We look at 3 ways to rename columns of a pandas dataframe. The first approach is the regular brute-force approach. The rest 2 approaches are pythonic ways of improving the applicability and efficiency of the code.
When the column names have to be mapped to a set that bears no relationship to the previous column names then we have little choice but to type the entire dictionary of mapping.
df = df.rename(columns={'SIS Login ID': 'email', 'SIS User ID': 'id',
'Current Score': 'grade', 'Section': 'course'})

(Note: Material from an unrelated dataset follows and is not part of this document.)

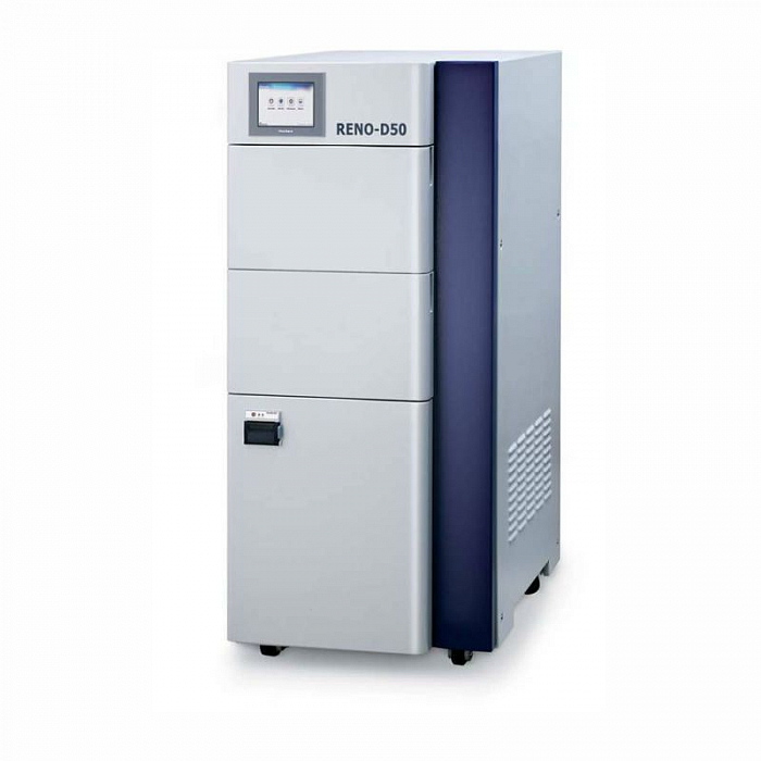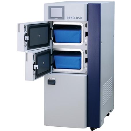 Экономичный аппарат для стерилизации RENO-D50 медицинских изделий и инструментов. В качестве стерилизующего вещества используется жидкий реагент пероксида водорода (H2O2), преобразуемый в плазму под действием электрического тока.
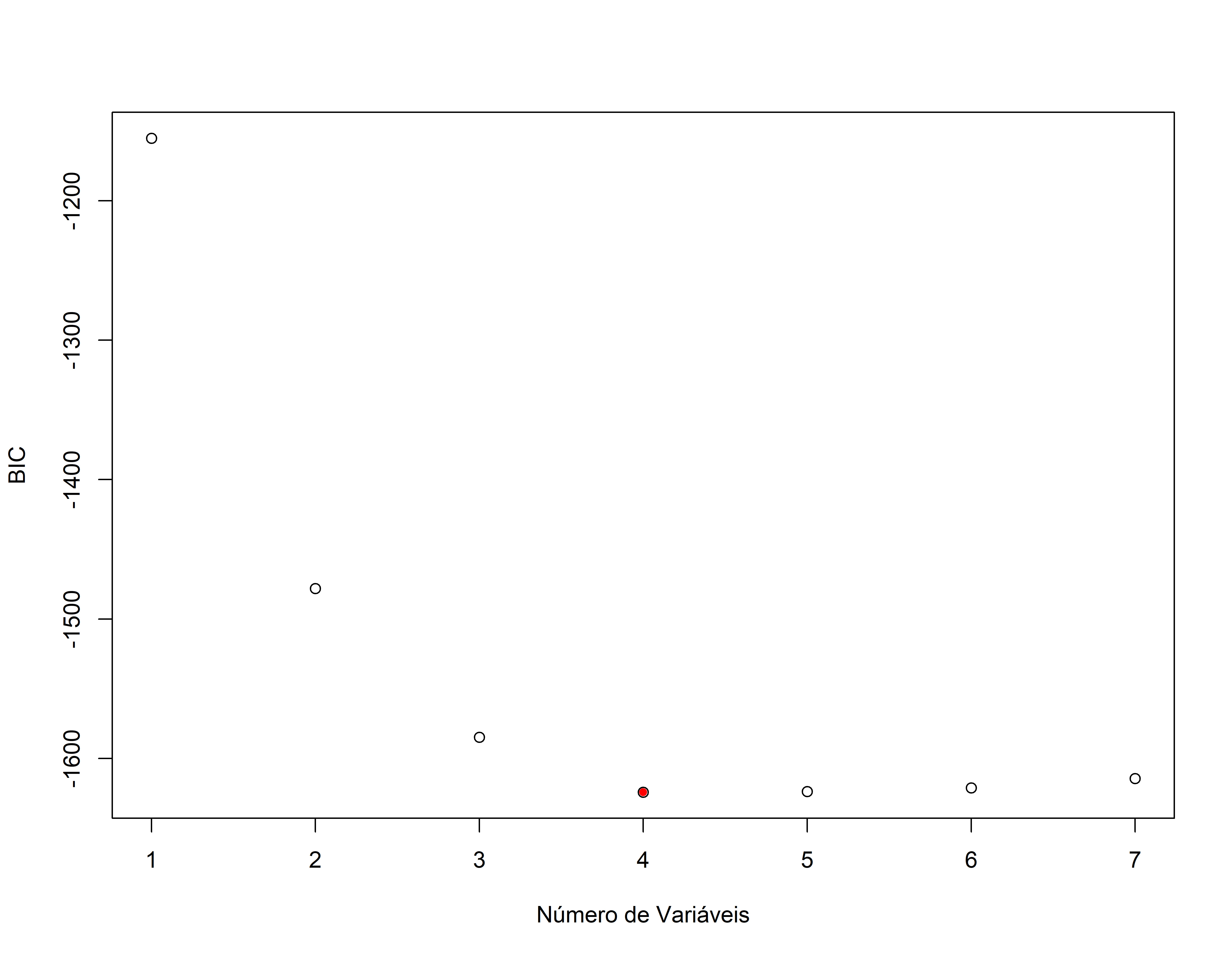 plot(sumario.reg$bic,xlab="Número de Variáveis",ylab="BIC")points(which.min(sumario.reg$bic),sumario.reg$bic[which.min(sumario.reg$bic)],pch=20,col="red")

When a relationship between the old and the new column names exists then the process can be sped up using dict comprehension. Let’s say we want to add an extra string ‘old’ at the end of each column name. We first create a new list of column names from the old ones.
cols = df1.columns
cols_new = [x + ' old' for x in cols]
['MATH205 - Chapter 1 and 2 Test (380919) old',
'MATH205 - Chapter 3 and 4 Test (380916) old',
'MATH205 - Chapter 5 Test (380926) old',
'MATH205 - Chapter 6 Test (380900) old',
'MATH205 - Chapter 7 Test (380902) old',
'MATH205 - Chapter 8 Test (380938) old',
'MATH205 - Chapter 9 Test (380922) old',
'MATH205 - Chapter 10 Test (380929) old']

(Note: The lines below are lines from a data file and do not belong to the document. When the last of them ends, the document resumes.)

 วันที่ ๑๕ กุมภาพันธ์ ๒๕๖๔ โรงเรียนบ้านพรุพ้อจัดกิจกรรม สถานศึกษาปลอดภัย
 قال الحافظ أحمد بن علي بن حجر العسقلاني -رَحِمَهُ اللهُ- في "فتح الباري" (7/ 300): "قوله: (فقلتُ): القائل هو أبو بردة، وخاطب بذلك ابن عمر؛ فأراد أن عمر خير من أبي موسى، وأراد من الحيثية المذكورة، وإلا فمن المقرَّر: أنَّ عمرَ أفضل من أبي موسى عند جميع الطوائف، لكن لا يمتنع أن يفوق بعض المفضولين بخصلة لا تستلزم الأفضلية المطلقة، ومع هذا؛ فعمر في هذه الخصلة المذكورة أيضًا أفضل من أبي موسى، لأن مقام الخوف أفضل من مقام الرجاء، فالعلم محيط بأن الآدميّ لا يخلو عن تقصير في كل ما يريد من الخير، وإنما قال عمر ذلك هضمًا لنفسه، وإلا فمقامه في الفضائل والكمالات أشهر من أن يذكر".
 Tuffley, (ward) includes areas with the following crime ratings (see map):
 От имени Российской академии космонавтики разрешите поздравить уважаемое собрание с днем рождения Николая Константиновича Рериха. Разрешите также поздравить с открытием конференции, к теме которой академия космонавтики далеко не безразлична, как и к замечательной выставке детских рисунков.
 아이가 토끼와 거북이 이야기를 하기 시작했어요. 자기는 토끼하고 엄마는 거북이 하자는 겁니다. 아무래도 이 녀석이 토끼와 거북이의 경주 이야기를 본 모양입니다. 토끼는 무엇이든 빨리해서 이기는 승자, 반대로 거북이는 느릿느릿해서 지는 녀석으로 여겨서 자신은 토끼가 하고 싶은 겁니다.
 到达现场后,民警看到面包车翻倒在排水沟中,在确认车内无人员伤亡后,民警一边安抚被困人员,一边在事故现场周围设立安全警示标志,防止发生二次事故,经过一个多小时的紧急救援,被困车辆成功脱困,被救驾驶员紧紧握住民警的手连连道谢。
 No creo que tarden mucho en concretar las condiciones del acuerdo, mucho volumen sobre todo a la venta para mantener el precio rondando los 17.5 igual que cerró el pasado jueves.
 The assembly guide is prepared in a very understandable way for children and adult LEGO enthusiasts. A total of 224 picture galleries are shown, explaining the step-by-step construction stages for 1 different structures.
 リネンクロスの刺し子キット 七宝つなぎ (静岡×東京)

We then create the mapping.
mapping = {key1: key2 for key1, key2 in zip(cols, cols_new)}
{'MATH205 - Chapter 1 and 2 Test (380919)': 'MATH205 - Chapter 1 and 2 Test (380919) old',
'MATH205 - Chapter 3 and 4 Test (380916)': 'MATH205 - Chapter 3 and 4 Test (380916) old',
'MATH205 - Chapter 5 Test (380926)': 'MATH205 - Chapter 5 Test (380926) old',
'MATH205 - Chapter 6 Test (380900)': 'MATH205 - Chapter 6 Test (380900) old',
'MATH205 - Chapter 7 Test (380902)': 'MATH205 - Chapter 7 Test (380902) old',
'MATH205 - Chapter 8 Test (380938)': 'MATH205 - Chapter 8 Test (380938) old',
'MATH205 - Chapter 9 Test (380922)': 'MATH205 - Chapter 9 Test (380922) old',
'MATH205 - Chapter 10 Test (380929)': 'MATH205 - Chapter 10 Test (380929) old'}
Here, we have used dict comprehension to generate the key-value pairs. The key is the old colmn name and the value is the new column name. We can now rename the column names using this mapping.

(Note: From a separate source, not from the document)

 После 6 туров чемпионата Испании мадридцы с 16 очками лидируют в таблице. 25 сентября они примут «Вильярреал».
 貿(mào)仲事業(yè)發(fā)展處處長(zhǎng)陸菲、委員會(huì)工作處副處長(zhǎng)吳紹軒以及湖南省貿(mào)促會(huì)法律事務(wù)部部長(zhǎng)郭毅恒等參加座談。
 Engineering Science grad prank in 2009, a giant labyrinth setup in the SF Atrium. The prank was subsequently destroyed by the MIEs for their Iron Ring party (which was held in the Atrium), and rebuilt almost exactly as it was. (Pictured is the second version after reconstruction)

df1.rename(columns=mapping)
MATH205 - Chapter 1 and 2 Test (380919) old | MATH205 - Chapter 3 and 4 Test (380916) old | MATH205 - Chapter 5 Test (380926) old | MATH205 - Chapter 6 Test (380900) old | MATH205 - Chapter 7 Test (380902) old | MATH205 - Chapter 8 Test (380938) old | MATH205 - Chapter 9 Test (380922) old | MATH205 - Chapter 10 Test (380929) old |
---|---|---|---|---|---|---|---|
0 | 53.13 | 53.13 | 53.13 | 53.13 | 53.13 | 53.13 | 53.13 |
1 | 47.34 | 48.72 | 38.73 | 34.43 | 30.39 | 46.17 | 47.50 |
2 | 50.63 | 0.00 | 43.09 | 25.18 | 7.49 | 19.87 | 4.25 |
When a relationship between the old and the new column names exists,
but it is complicated enough that we have to use a regular expression (regex). Here we will
use lambda function to implement the regex using the re
module to perform complicated string manipulations.
MATH205 - Chapter 1 and 2 Test (380919)
to Chapter 1 and 2 Test
We have to strip out the first part and the last part. This can be achieved using a regex. Let’s first strip the first part.
cols_test = list(map(lambda x: re.sub('MATH205 - ','', x), cols_test))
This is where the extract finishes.